§ Exercise details
Read through the listing below, and copy every line where the string "postcard" appears.

§ Data listing
• • • •

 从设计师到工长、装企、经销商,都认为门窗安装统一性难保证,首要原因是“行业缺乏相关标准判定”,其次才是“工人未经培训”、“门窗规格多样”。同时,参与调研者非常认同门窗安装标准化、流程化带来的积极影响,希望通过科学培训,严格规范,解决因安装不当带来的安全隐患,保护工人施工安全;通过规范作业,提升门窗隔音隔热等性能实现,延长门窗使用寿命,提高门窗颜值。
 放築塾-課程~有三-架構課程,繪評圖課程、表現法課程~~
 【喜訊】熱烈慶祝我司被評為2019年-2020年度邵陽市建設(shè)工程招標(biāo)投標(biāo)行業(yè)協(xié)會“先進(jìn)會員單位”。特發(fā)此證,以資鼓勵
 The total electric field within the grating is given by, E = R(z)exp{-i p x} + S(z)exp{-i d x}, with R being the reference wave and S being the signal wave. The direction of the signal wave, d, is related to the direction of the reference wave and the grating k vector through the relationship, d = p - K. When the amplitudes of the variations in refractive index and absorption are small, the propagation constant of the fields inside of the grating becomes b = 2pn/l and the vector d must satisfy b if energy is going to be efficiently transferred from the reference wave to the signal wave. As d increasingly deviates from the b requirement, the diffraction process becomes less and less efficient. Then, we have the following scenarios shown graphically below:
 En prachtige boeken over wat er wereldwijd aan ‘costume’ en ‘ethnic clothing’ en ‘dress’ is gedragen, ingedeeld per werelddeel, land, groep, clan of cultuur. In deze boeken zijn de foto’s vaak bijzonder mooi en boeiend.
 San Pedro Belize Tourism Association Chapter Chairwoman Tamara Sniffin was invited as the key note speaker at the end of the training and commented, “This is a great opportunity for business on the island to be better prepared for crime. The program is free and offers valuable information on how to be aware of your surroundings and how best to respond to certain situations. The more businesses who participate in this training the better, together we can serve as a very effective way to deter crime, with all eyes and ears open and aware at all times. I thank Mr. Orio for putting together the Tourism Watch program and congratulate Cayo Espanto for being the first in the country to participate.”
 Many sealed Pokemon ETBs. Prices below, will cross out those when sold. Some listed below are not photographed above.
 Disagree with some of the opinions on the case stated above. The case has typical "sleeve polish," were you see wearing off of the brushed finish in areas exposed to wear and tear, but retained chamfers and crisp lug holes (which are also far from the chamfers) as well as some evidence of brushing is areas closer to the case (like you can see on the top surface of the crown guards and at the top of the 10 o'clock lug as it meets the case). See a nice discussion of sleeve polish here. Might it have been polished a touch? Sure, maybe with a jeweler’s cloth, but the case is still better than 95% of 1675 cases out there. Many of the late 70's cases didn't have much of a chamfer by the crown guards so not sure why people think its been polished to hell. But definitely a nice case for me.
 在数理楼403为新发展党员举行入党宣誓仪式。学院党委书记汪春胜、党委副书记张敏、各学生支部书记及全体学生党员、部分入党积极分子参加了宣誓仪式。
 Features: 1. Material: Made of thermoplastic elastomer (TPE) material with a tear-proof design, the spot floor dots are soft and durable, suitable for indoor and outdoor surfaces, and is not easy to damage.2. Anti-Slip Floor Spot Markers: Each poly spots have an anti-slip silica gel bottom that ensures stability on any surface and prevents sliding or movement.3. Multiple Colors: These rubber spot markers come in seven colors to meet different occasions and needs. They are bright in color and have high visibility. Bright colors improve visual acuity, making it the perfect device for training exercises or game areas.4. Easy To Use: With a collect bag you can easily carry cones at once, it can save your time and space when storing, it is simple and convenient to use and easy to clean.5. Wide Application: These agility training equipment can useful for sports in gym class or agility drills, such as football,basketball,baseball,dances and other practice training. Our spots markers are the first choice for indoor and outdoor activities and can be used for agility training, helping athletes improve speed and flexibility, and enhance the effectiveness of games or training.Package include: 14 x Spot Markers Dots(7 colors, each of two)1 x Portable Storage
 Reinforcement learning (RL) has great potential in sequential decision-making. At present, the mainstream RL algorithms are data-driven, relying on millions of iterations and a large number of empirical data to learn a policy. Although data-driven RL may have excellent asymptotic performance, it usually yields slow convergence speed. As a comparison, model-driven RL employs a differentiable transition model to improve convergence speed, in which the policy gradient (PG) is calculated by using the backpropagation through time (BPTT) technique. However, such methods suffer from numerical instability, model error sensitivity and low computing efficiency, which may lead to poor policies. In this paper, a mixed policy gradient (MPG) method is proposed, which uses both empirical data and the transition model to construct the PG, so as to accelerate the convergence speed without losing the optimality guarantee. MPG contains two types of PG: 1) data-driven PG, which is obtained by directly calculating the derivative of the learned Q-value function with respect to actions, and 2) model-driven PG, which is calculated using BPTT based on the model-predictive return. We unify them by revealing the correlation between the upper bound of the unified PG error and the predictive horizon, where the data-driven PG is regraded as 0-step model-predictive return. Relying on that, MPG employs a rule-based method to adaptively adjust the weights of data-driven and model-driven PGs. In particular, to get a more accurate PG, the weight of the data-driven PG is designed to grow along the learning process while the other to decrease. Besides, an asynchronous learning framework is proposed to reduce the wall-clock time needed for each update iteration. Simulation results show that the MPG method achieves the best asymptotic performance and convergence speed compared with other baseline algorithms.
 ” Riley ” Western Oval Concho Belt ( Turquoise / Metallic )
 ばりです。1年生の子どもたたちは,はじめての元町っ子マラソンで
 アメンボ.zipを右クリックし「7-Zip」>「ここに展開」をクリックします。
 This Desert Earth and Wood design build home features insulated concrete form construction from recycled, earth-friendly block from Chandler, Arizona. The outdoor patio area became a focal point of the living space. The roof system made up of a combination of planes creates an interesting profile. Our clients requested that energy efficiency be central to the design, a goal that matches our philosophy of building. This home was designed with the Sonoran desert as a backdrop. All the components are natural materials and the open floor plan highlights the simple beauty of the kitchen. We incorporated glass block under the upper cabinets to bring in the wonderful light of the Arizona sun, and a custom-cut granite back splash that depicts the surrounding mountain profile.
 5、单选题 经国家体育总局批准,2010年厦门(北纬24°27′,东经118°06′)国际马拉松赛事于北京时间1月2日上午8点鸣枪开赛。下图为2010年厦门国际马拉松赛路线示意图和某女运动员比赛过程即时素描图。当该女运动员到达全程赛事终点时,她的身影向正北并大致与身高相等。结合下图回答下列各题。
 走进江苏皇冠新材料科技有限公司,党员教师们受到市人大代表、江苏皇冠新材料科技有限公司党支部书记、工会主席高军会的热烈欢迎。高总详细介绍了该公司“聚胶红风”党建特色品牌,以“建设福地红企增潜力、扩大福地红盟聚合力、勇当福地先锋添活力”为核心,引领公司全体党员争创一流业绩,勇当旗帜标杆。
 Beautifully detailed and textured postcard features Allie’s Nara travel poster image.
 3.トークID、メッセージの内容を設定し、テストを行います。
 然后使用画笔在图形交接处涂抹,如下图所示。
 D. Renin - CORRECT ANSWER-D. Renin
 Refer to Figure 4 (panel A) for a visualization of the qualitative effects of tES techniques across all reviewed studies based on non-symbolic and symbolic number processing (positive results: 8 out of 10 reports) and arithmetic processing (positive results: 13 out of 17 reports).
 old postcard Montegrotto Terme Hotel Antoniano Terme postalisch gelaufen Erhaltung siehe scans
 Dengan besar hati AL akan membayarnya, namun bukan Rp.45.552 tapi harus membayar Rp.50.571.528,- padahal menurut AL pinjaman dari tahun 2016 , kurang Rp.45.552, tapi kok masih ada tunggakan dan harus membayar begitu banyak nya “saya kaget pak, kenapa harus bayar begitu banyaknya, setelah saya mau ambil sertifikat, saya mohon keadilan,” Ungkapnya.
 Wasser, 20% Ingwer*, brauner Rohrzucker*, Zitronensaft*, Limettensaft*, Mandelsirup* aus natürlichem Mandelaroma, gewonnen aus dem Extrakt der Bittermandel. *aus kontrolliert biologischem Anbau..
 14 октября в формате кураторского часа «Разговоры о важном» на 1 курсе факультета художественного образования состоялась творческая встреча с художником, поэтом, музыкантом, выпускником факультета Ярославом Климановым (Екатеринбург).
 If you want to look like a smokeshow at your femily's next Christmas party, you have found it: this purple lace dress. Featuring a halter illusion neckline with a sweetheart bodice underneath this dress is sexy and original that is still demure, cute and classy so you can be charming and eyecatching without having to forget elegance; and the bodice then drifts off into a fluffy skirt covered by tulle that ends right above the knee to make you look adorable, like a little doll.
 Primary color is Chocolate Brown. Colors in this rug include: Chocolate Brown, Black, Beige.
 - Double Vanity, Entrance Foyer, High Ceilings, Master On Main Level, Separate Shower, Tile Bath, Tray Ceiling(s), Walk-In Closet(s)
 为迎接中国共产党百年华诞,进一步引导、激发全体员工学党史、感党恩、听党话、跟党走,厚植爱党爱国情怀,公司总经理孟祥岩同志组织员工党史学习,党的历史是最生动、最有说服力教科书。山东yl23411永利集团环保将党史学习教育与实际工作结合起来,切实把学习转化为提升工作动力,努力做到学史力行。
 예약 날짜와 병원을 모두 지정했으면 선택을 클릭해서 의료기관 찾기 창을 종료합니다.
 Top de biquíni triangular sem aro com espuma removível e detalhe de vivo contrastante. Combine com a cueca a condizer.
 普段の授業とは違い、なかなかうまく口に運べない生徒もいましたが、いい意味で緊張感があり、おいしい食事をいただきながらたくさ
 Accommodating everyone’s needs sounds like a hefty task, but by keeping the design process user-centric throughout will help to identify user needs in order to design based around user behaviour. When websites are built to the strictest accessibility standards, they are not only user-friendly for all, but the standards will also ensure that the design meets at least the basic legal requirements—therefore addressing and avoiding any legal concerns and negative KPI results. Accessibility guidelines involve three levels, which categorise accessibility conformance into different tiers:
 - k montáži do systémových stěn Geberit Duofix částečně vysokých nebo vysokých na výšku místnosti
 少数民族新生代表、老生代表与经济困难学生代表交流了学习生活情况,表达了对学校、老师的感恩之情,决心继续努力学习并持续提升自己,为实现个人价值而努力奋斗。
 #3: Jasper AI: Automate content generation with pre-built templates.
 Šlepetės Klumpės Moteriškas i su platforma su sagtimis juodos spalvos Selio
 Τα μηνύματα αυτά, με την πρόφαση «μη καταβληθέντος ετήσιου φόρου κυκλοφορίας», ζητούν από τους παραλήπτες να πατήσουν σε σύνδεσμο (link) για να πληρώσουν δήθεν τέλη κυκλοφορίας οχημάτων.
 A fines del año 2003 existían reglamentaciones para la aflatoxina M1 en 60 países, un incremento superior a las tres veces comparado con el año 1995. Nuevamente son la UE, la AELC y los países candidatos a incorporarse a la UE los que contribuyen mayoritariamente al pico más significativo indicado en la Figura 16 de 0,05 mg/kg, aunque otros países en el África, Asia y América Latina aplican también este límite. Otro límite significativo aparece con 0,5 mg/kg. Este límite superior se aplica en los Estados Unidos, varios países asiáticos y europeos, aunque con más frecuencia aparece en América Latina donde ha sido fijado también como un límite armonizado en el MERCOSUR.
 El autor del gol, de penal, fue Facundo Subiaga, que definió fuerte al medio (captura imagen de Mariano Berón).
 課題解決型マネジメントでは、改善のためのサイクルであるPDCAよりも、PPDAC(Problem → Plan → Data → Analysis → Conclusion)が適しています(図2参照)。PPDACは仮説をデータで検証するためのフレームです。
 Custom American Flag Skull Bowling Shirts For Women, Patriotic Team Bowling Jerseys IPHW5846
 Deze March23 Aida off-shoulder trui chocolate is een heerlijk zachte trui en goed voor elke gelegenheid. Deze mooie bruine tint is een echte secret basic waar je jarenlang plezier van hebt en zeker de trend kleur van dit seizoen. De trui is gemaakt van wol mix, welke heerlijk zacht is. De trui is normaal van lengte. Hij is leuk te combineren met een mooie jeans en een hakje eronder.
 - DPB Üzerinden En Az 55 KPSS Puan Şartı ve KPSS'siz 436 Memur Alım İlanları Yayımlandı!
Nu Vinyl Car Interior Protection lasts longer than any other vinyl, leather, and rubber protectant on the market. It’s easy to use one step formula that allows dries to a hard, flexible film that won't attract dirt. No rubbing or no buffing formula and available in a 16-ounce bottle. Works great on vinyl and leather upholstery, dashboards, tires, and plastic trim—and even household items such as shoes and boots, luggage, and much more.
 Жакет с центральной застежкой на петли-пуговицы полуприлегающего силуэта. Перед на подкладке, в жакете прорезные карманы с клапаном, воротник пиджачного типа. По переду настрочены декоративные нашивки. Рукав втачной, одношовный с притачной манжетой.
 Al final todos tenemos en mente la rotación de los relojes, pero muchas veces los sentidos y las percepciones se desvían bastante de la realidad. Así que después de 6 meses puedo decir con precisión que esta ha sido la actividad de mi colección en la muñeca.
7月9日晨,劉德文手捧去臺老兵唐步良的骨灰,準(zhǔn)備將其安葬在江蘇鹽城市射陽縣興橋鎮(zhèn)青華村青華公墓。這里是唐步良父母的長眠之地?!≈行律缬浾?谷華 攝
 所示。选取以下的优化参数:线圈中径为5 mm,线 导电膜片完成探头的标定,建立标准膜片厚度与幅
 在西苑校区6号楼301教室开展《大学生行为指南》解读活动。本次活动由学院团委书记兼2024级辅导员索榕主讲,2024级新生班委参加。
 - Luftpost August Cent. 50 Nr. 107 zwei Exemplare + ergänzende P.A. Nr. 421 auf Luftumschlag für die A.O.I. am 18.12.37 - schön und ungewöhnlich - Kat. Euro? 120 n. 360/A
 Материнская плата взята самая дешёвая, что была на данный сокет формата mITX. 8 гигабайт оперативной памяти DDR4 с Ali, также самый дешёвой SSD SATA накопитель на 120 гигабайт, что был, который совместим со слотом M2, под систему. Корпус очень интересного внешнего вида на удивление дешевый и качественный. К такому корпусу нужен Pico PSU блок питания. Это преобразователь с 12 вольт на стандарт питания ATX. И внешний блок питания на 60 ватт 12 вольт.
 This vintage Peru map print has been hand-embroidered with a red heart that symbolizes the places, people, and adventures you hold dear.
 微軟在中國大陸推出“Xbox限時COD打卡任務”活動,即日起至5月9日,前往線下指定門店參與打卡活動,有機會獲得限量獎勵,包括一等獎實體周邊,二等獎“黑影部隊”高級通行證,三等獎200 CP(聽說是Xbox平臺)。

• • • •

§ Answer to this task
 Beautifully detailed and textured postcard features Allie’s Nara travel poster image.
 old postcard Montegrotto Terme Hotel Antoniano Terme postalisch gelaufen Erhaltung siehe scans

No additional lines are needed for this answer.